If you are up for messing with some prompts in the files, you could even specify to the LLM what tool you want it to use for which task if it's not automatically using them when the need arises.
Description on the repo says it's for journalism, but I build similar rigs that I use for research in companies that have entered bankruptcy proceedings.
Commonly there is a lot of information and it might as well be unstructured, and then I need to get answers quickly because my clients aren't going to pay me for going about it slowly.
It's mainly useful for journalism purposes, yes. Audit and compliance uses were also a consideration. It's a unified tool for right now, but I'm working on turning the base of it into the frame and adding individual shards for specialized applications.
Let me tell you this - This version of the toolkit is pretty monolithic and reflex is kind of a pain to work with for me. This version of the tool will be polished from here, but I hesitate to add more features to it since it already has like 35 pages of features.
I'm about to release another version of the tool that's focused on modularity, so you anyone can mix and match the features they want instead of having to take the whole thing or nothing. ACH is going to be the first addon thing added, followed by the rest of the features.
Notice the "Knowledge Graph" feature that lets you "Visualize hidden connections between People, Orgs, and Places" just like the cork board meme.
This is the essence of what good "conspiracy theorists" do. Whenever investigative journalists uncover a conspiracy among the elite, they are talked down to and dismissed as "conspiracy theorists". But that is what good conspiracy theorists are: investigative journalists.
For sure - "conspiracy theorists" are just another group of people trying to find truth, patterns in the world and trying to connect the dots.

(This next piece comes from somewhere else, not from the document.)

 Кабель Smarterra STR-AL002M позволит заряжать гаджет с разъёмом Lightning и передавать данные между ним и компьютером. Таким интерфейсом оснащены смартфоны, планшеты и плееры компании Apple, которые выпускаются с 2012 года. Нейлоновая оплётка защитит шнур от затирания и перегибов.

The cork board feel was very much intentional in some of the visualizations.
Specifically, the "lie web" visualization that uses "red yarn" visuals to connect detected contradictions across different entities and documents.
If I had the skills, I would totally map that onto a cork board.

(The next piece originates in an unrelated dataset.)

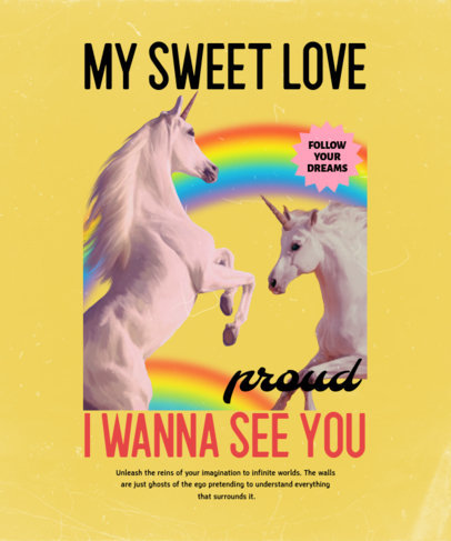 Quote T-Shirt Design Template Featuring Illustrated Unicorns and Rainbows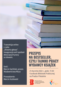 Sukces cyklu spotkań „Otwarta głowa” zachęcił nas, pracowników Biblioteki Publicznej im. Zygmunta Jana Rumla w Dzielnicy Praga-Południe, do organizowania go również w 2022 roku. Tym razem proponujemy Państwu spotkania z interesującymi osobami, których życie prywatne oraz zawodowe związane jest ze słowem. Na pierwszym spotkaniu, które poprowadzi dziennikarz Marcin Kozłowski, poznamy tajniki wydawcy, które przybliży Marcin Garliński, prezes wydawnictwa Muza. Na spotkanie online zapraszamy 21 stycznia 2022 r. o godz. 17:00. Transmisja dostępna będzie na profilu facebookowym – www.facebook.com/Biblioteka.Praga.Poludnie. Zapraszamy.

GitHub Discussions are open for questions, bug reports, and “here’s how I used it on a real investigation” stories.
Early testers: Drag the tutorial files into the app, ask 'Who is Captain Silver?', and watch it link a handwritten note to an email payment. No setup hell—just works offline.
I don't have any background as an analyst or anything like that. ACH is a real tool, really used by the CIA, and the existing versions are basically crappy spreadsheets, or not free, or both.
I don't doubt someone with coding skills could do it better, it's just that no one else has stepped up. Probably because there's no profit angle, but that's conjecture on my part.